14. The system of claim 11, wherein the first node has X topics of interest, and wherein the selected second node shares highest number of topics of interest with the first node in comparison to the other nodes in the network, so that when a connection is established between the first node and the second node, the second node covers the highest number of topics of interest for the first node in comparison with remaining unconnected nodes in the network.

15. The system of claim 14, wherein the additional connections with the third node is established such that the third node covers the highest number of topics of interest for the first node in comparison with remaining unconnected nodes in the network.

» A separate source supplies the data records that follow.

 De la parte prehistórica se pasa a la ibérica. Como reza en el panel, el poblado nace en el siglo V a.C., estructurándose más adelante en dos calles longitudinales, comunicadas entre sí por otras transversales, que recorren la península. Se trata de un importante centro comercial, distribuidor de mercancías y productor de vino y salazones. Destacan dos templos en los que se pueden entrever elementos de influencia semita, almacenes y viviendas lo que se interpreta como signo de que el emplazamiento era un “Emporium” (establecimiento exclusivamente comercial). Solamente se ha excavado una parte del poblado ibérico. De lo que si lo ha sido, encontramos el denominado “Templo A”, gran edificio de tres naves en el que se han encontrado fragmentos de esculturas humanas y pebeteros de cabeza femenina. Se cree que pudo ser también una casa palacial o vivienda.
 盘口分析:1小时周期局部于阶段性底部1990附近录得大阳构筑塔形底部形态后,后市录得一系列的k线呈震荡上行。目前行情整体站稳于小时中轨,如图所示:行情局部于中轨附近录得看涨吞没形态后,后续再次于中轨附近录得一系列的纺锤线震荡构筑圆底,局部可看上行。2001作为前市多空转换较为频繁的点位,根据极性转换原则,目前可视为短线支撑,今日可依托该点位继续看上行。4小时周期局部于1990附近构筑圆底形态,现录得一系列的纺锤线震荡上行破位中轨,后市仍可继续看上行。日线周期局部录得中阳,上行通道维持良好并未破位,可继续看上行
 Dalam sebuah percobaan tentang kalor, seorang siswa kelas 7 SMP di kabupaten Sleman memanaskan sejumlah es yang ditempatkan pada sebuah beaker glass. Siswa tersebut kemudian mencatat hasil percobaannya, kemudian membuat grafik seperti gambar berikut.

16. A computer program product comprising a computer useable medium having a computer readable program, wherein the computer readable program when executed on a computer causes the computer to:

determine one or more topics of interest for a first node in a network;

select a second node in the network that shares at least a first topic of interest with the first node;

establish a connection between the first node and the second node so that the second node covers at least the first topic of interest; and

establish additional connections between the first node and at least a third node in the network that covers at least the first topic of interest, in response to determining that the first node is not covered by a total of K nodes with respect to the first topic of interest.

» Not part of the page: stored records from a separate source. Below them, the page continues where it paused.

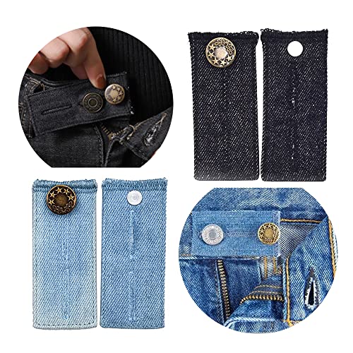 Materiale di alta qualità: l'bottone allarga pantaloni è realizzato in denim di alta qualità, elastico, bottoni in silicone e metallo, che sono robusti e durevoli per un uso a lungo termine.
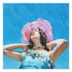 Uma imagem cativante mostrando uma mulher que se abateu sobre a luz do sol sob um brilhante céu azul. Seu chapéu cor-de-rosa e translúcido adiciona um toque de suavidade, complementando sua pose relaxada e expressão serena. Ela é enfeitada com um colar delicado, e seu vestido reflete uma paleta leve e arejada, enfatizando o calor e a liberdade da estação. Esta cena captura a essência de um dia ensolarado, evocando sentimentos de alegria, relaxamento e elegância - uma perfeita personificação de um humor brilhante de verão.
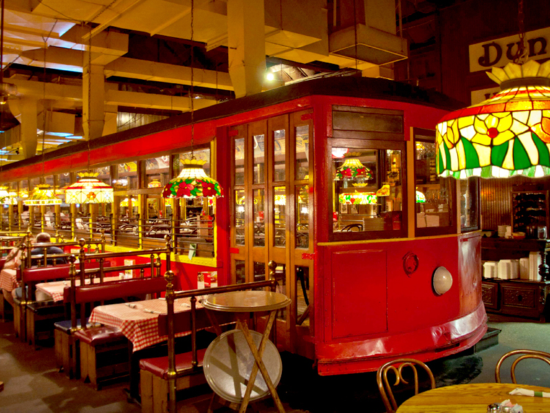 This streetcar rested in the Spaghetti Warehouse in Columbus for decades as a place to dine until the restaurant’s demolition in June 2025. A community group saved it and is renovating it as the centerpiece of a Columbus community park and cultural center. (Credit: Spaghetti Warehouse)

17. The computer program product of claim 16, wherein the computer readable program when executed on a computer causes the computer to:

determine whether the first node's coverage with respect to at least the first topic has exceeded a threshold; and

disconnect the first node from at least the third node.

18. The computer program product of claim 17, wherein the computer readable program when executed on a computer causes the computer to disconnect the first node from at least the third node, in response to determining that the third node remains K times covered with respect to at least one topic of interest to the third node after the connection between the first node and the third node is disconnected.

19. The computer program product of claim 16, wherein the computer readable program when executed on a computer causes the computer to establish the first node has X NX topics of interest, and select the second node which shares highest number of topics of interest with the first node in comparison to the other nodes in the network, so that when a connection is established between the first node and the second node, the second node covers the highest number of topics of interest for the first node in comparison with remaining unconnected nodes in the network.

20. The computer program product of claim 19, wherein the computer readable program when executed on a computer causes the computer to establish the additional connections with the third node such that the third node covers the highest number of topics of interest for the first node in comparison with remaining unconnected nodes in the network.